Savoir désigner des leaders

Natasha Tardif, à la tête de Reed Smith à Paris, est revenue, dans le cadre du troisième thème portant sur les success stories du barreau d’affaires, sur l’importance de la relation entre le cabinet et ses clients d’une part mais aussi avec ses équipes. "Nous défendons des causes et essayons de le faire humainement. Pour que le cabinet fonctionne, l’excellence technique est bien sûr requise mais il faut aussi voir ses clients comme des partenaires et assurer un épanouissement de nos équipes. Le pro bono et le volontariat, y compris en période d’activité intense, restent des priorités et participent à la quête de sens dans notre métier." Pour Joël Grangé, associé fondateur du cabinet de niche spécialisé en droit social Flichy Grangé Avocats, le développement d’une structure ne doit pas seulement rester centré sur la profitabilité : "La croissance des équipes et la promotion d’associés en interne sont, selon moi, tout aussi importantes. Le succès d’un cabinet se mesure à sa réussite à consolider des équipes fortes", explique-t-il. Autre atout marquant d’un cabinet : sa capacité à savoir rebondir en cas de difficultés. Alexandre Marque est particulièrement bien placé pour témoigner de la success story de Franklin, crée en 2000 par cinq anciens associés de chez Salès Vincent Georges & Associés : "La capacité à rebondir malgré les difficultés est attractive pour les avocats entreprenants, c’est un vrai challenge."

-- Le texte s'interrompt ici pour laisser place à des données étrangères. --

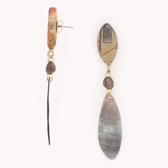 Confectionnées en laiton doré, elles se distinguent par les matières naturelles comme le jaspe Picasso, le quartz fumé et la nacre noire de Palawan mises en valeur par l'éclat chaleureux du métal doré.

Roland Dana, en sa qualité de consultant, ajoute pour sa part que l’on ne peut bien gérer un cabinet sans déterminer des objectifs de développement clairs : "Le cabinet est comme une entreprise : sa croissance et la première étape de sa vie. La deuxième étape consiste à définir son ADN afin de créer une marque forte. Enfin, vient ensuite l’étape de la gouvernance, soit de l’organisation du pouvoir au sein de la structure, laquelle est essentielle." Un dernier palier que Joël Grangé approuve : "Comme dans un avion, il faut un pilote aux commandes de la direction." Gare cependant aux abus de pouvoirs pouvant nuire à l’équilibre de la structure et à son bon fonctionnement. Mais il ne faut pas craindre de désigner quelqu’un pour tenir les rênes, comme l’explique Olivier Vermeulen, associé chez Paul Hastings : "Les cabinets success full d’aujourd’hui sont ceux qui ont misé sur un leader, avec une vision sur le long terme. Il ne peut selon moi y avoir d’abus de pouvoir si tout le monde avance dans la même direction." "Dans un cabinet, nous sommes tous leaders à notre manière", renchérit Natasha Tardif, qui confirme par sa propre expérience les bienfaits d’un management collégial.